Pakistan human rights minister Riaz Hussain Pirzada on Friday said that the Ahmadi minority community in the country is being subjected to grave human rights violations and because of the deep fear instilled in them no one even dares to mention the name of Nobel Prize-winning physicist Abdus Salam.
He made the remarks while briefing the National Assembly’s Standing Committee on Human Rights. Pirzada said it was unfortunate how the nation has overlooked its national heroes, reported The Friday Times.
The Ahmadis are not recognised as Muslims after the anti-Ahmadiyya ordinance was made in the Constitution of Pakistan in 1984, which restricted the freedom of religion for Ahmadis. Abdus Salam Centre for Physics in Pakistan was named in honour of Dr Abdus Salam, who won Pakistan’s first Nobel Prize in sciences 1979, for his contribution to the electroweak unification theory.
However, the situation in Pakistan continues to exhibit gory ‘Islamophobia’ against Ahmadis. Pakistan is indubitably more phobic of the Ahmadiyya sect, and their interpretation of Islam, reported The Diplomat.

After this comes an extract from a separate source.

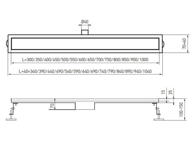 Комплектація Водовідвідний жолоб, решітка, гідроізоляційна стрічка, що відповідає жолобу, комбінований гідрозатвор SMART з двома відсіками та кульками, опорні ноги, монтажний гачок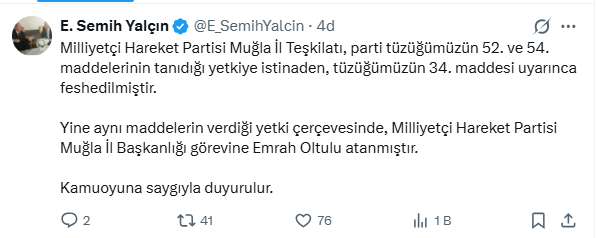 Yalçın’ın paylaşımı şöyle: “Milliyetçi Hareket Partisi Muğla İl Teşkilatı, parti tüzüğümüzün 52. ve 54. maddelerinin tanıdığı yetkiye istinaden, tüzüğümüzün 34. maddesi uyarınca feshedilmiştir. Yine aynı maddelerin verdiği yetki çerçevesinde, Milliyetçi Hareket Partisi Muğla İl Başkanlığı görevine Emrah Oltulu atanmıştır. Kamuoyuna saygıyla duyurulur.”

The grave of Abdus Salam (1926-1996) is in Rabwah in the Punjab province of Pakistan. However, the grave was desecrated as from the English inscription on the grave, the world “Muslim” has been erased from the phrase “the first Muslim Nobel laureate.”
The tombstone of Pakistan’s – and the Muslim world’s – first Nobel Prize winner Dr Abdus Salam was desecrated, just like the other graves. It now reads: “Professor Muhammad Abdus Salam, in 1979 became the first Nobel laureate for his work in Physics.”
Speaking about the missing persons in Pakistan, the rights activist said that his ministry had strived to overcome rights challenges confronting the nation however it is not in a position to hold anybody accountable.
“We look towards other ministries and police do so. Now, the ministry had been regulating conduct of law enforcement agencies,” he noted.